GS Paper 3: Defence technology and indigenisation; developments in science and technology (fibre optics, SQUIDs, distributed acoustic sensing); internal and external security challenges through the maritime domain; role of DRDO.

Prelims pointers:

  • UFOSS is developed by NPOL, Kochi, a DRDO laboratory; shore station at Kochi.
  • SQUIDs are superconducting quantum interference devices, extremely sensitive magnetometers used to detect faint electromagnetic signals.
  • SOSUS was the US Cold War seabed hydrophone network; it evolved into IUSS.
  • ASW = Anti-Submarine Warfare; India’s maritime patrol aircraft is the P-8I.
  • India’s maritime vision for the region is SAGAR.

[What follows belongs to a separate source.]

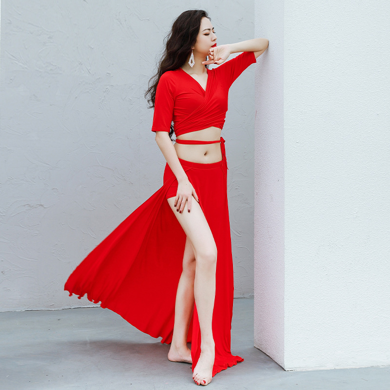 Belly dance practice The Oriental Ensemble to serve Modale soft flutter with waist double open and closed fork long dress performance out of service
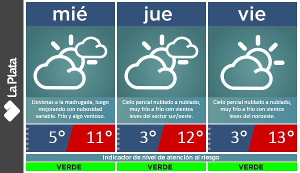 Luego de las lluvias y las fuertes tormentas, el miércoles en la ciudad de La Plata tendrá una jornada nublada y ventosa, con ráfagas de hasta 49 km/h. Por su parte, la temperatura tendrá una mínima de 5 grados y una máxima de 11.

Mains question: “Undersea domain awareness is emerging as the decisive edge in maritime security.” In this light, examine the significance of DRDO’s UFOSS project for India’s anti-submarine warfare capability and strategy in the Indian Ocean Region. (15 marks, 250 words)

Facts Corner

📌 Facts Corner, Knowledgepedia

  • UFOSS (Underwater Fibre Optic Sensing System): A DRDO seabed acoustic surveillance network to detect and track submarines in the Indian Ocean Region; EoI issued June 20, 2026.
  • NPOL, Kochi: The Naval Physical and Oceanographic Laboratory, a DRDO lab and India’s lead centre for underwater sensors and sonar; it leads UFOSS, with the shore station at Kochi.
  • SQUIDs: Superconducting Quantum Interference Devices, ultra-sensitive magnetometers that detect the faint magnetic signature of a submarine’s steel hull.
  • Distributed acoustic sensing: Technique that turns a fibre-optic cable itself into a chain of acoustic sensors by reading disturbances in the light it carries.
  • SOSUS / IUSS: The US Sound Surveillance System (from 1954), a seabed hydrophone grid to track Soviet submarines, later folded into the Integrated Undersea Surveillance System.
  • ASW (Anti-Submarine Warfare): Detecting and countering enemy submarines using ships, submarines, aircraft (P-8I) and fixed sensors.
  • Focus zones for UFOSS: Ninety East Ridge, Andaman and Nicobar Islands, and the Bay of Bengal.
  • SAGAR: Security and Growth for All in the Region, India’s Indian Ocean maritime vision.